The president took to Twitter to make the announcement.
“Today, on my orders, the United States military conducted an operation to extract U.S. Government personnel from Khartoum in response to the situation in Sudan. I am grateful for the commitment of our Embassy staff and the skill of our service members who brought them to safety,” he said. “I am receiving regular reports from my team on their ongoing work to assist Americans in Sudan, to the extent possible. We are also working closely with our allies and partners in this effort.”
“This tragic violence in Sudan has already cost the lives of hundreds of innocent civilians. It’s unconscionable and it must stop. We’re temporarily suspending operations at the U.S. Embassy in Sudan, but our commitment to the Sudanese people and the future they want is unending,” he said.
This tragic violence in Sudan has already cost the lives of hundreds of innocent civilians. It’s unconscionable and it must stop. We’re temporarily suspending operations at the U.S. Embassy in Sudan, but our commitment to the Sudanese people and the future they want is unending.
— President Biden (@POTUS) April 23, 2023
As for civilians, and there are an estimated 16,000 United States citizens in Sudan, they are on their own as the White House said the military will not be evacuating them.
“It’s absolutely imperative that U.S. citizens in Sudan make their own arrangements to stay safe in these difficult circumstances,” White House National Security Council spokesman John Kirby said .
“Americans should have no expectation of a U.S. government coordinated evacuation at this time. And we expect that that’s going to remain the case,” he said.
The New York Times reported.
Almost 100 people — mostly U.S. Embassy employees — were evacuated using helicopters that flew in from the nation of Djibouti, about 800 miles away, according to U.S. officials. Just over 100 special operations troops were involved.
Within hours of the U.S. announcement, other countries and foreign groups followed suit. A convoy of vehicles carrying United Nations personnel left the city from the group’s headquarters in Sudan, according to a U.S. official. Britain, France and the Netherlands also said they had moved to evacuate their nationals and diplomatic staff, a day after Saudi Arabia did the same.

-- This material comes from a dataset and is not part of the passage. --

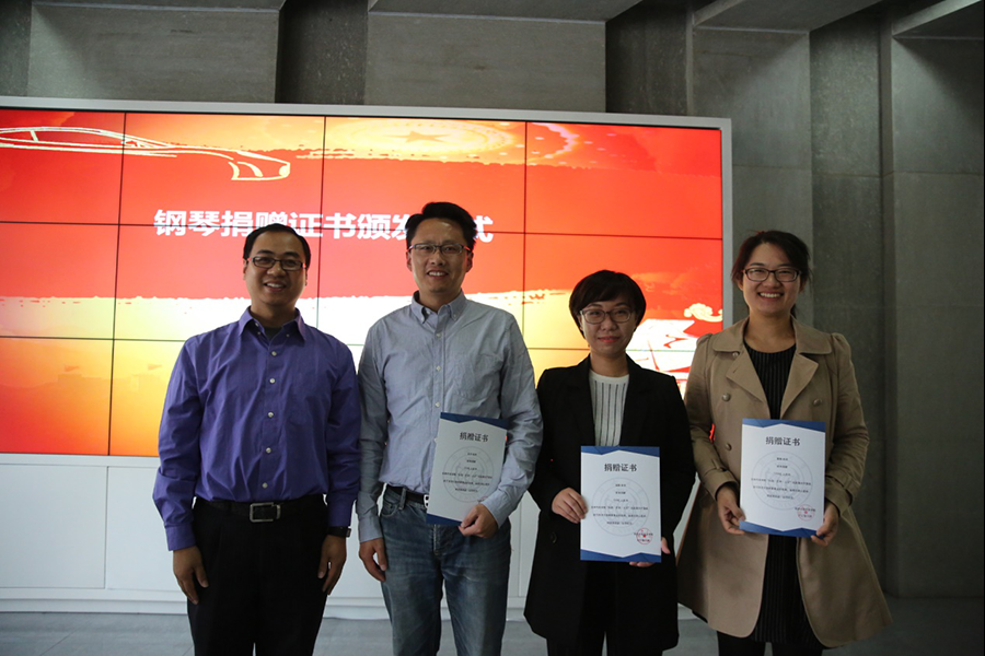 党委副书记邓俊老师为捐赠教师代表颁发了钢琴捐赠证书。

The moves came on the ninth day of brutal fighting in Khartoum and other parts of the country between the army and a paramilitary group called the Rapid Support Forces, whose leaders are vying for supremacy in Sudan.
At least 400 people have been killed in the ensuing clashes and 3,500 injured, according to the United Nations. They include at least 256 civilians who died and 1,454 who were wounded, according to a doctors’ union.
On Friday Secretary Of State Antony Blinken announced that the United States had temporarily suspended operations in Sudan.
“The U.S. Department of State has temporarily suspended operations at our Embassy in Khartoum, Sudan and safely evacuated all U.S. personnel and their dependents under our security responsibility. Suspending operations at one of our embassies is always a difficult decision, but the safety of our personnel is my first responsibility. I directed this temporary action due to the serious and growing security risks created by the conflict between the Sudanese Armed Forces and the Rapid Support Forces. The widespread fighting has caused significant numbers of civilian deaths and injuries and damage to essential infrastructure and posed an unacceptable risk to our Embassy personnel. I applaud the skill and professionalism of our team on the ground, U.S. military forces, and others across the government who carried out this evacuation mission,” he said.
“We will continue to assist Americans in Sudan in planning for their own safety and provide regular updates to U.S. citizens in the area. We will also continue to coordinate with our allies and partners as well as our local partners on efforts to ensure the safety of their personnel,” the secretary of state said.
“I reiterate my call to both sides to urgently extend and expand the Eid al-Fitr ceasefire to a sustainable cessation of hostilities to prevent further damage to the Sudanese nation. We remind both belligerents of their obligations under international humanitarian law, including obligations related to the protection of civilians. The United States, in partnership with the region and international community, will continue to press efforts to bring an end to this fighting and a return to the process of transition to civilian government,” he said.